Avec "La seconda cucina", histoire d'une vie et chronique villageoise dans la Sicile des années 60, Lily Prior livre un roman qui se lit, se déguste, se savoure, se respire, exacerbant tous les sens, qui est simultanément un chant d'amour à la nature, une ode à la vie rustique et le credo du bonheur des choses simples.
Après une longue parenthèse palermitaine au cours de laquelle elle a connu un grand amour avec un bel et mystérieux étranger, "l'Inglese", la quarantaine passée, Rose Fiore qui est une fille de la campagne, est revenue, célibataire et sans enfant, dans son village natal vivre entre ses parents le reste de son âge.
Dans la ferme familiale, la seule fille de la famille a trouvé sa place en devenant la femme de la maisonnée, veillant à l'économat et assurant l'intendance au quotidien et les repas pour la famille et les ouvriers en investissant le lieu stratégique de la cuisine.
Son domaine, son royaume, c'est la "cucina" mais aussi le potager où elle cultive ses légumes et la porcherie où elle élève avec soin les porcs dont elle se charge elle-même de l'abattage et des opérations de charcuterie.
Terrienne animiste, sensuelle et épicurienne dans la plénitude sa maturité, cette femme au voluptueux corps à la Botero s'épanouit dans les plaisirs, ceux de la chère en confectionnant les délices et spécialités de la cuisine sicilienne mais aussi ceux de la chair dans la saine exultation des corps car l'Inglese l'a retrouvée.

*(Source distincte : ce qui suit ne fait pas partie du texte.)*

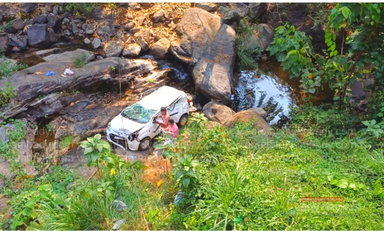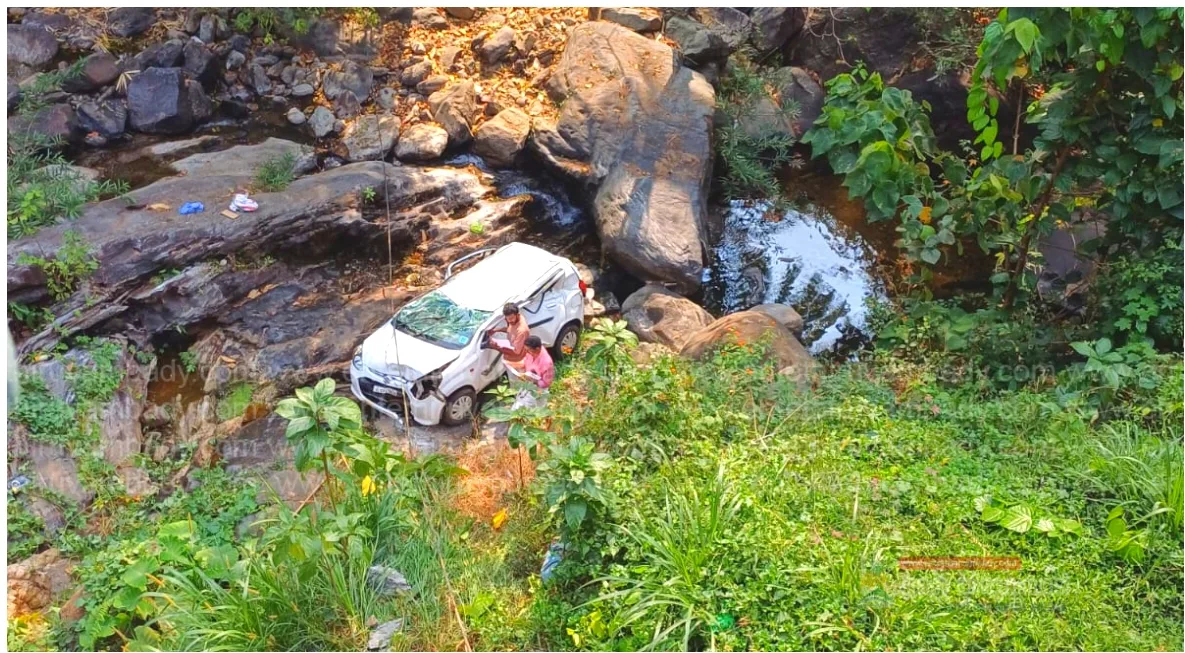 അടിവാരം:ചിപ്പിലിത്തോട് പുലിക്കൽ പാലത്തിന് സമീപം കാർ തൊട്ടിലേക്ക് മറിഞ്ഞു അപകടം.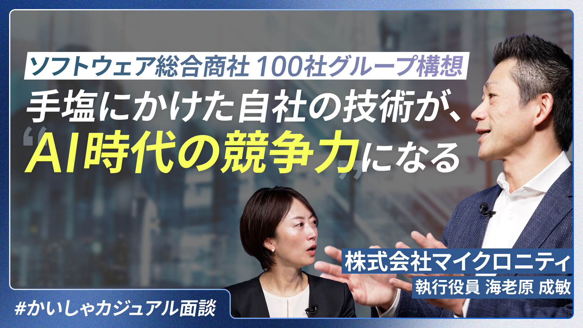 本サービスでは、M&Aサクシード代表取締役社長の金 蓮実氏と当社執行役員 アライアンス戦略部 部長 海老原 成敏が、マイクロニティの経営理念・成長戦略・グループ運営方針を語ります。

La vie de Rosa Fiore est rythmée par les saisons, la cueillette des cerises sur l'arbre, celle du précieux jasmin qui embaumera les desserts, le ramassage des olives et des légumes gorgés de soleil et les petits bonheurs et les grands malheurs du quotidien.
Chapitré comme un menu italien, des antipasti aux dolci, recettes incluses, le roman de Lily Prior, porté par une écriture gouleyante restituée par la traduction de Florianne Vidal, enchante, trouble, restitue l'image tragi-comique attachée à la Sicile avec des épisodes épiques et dresse une beau portrait de femme.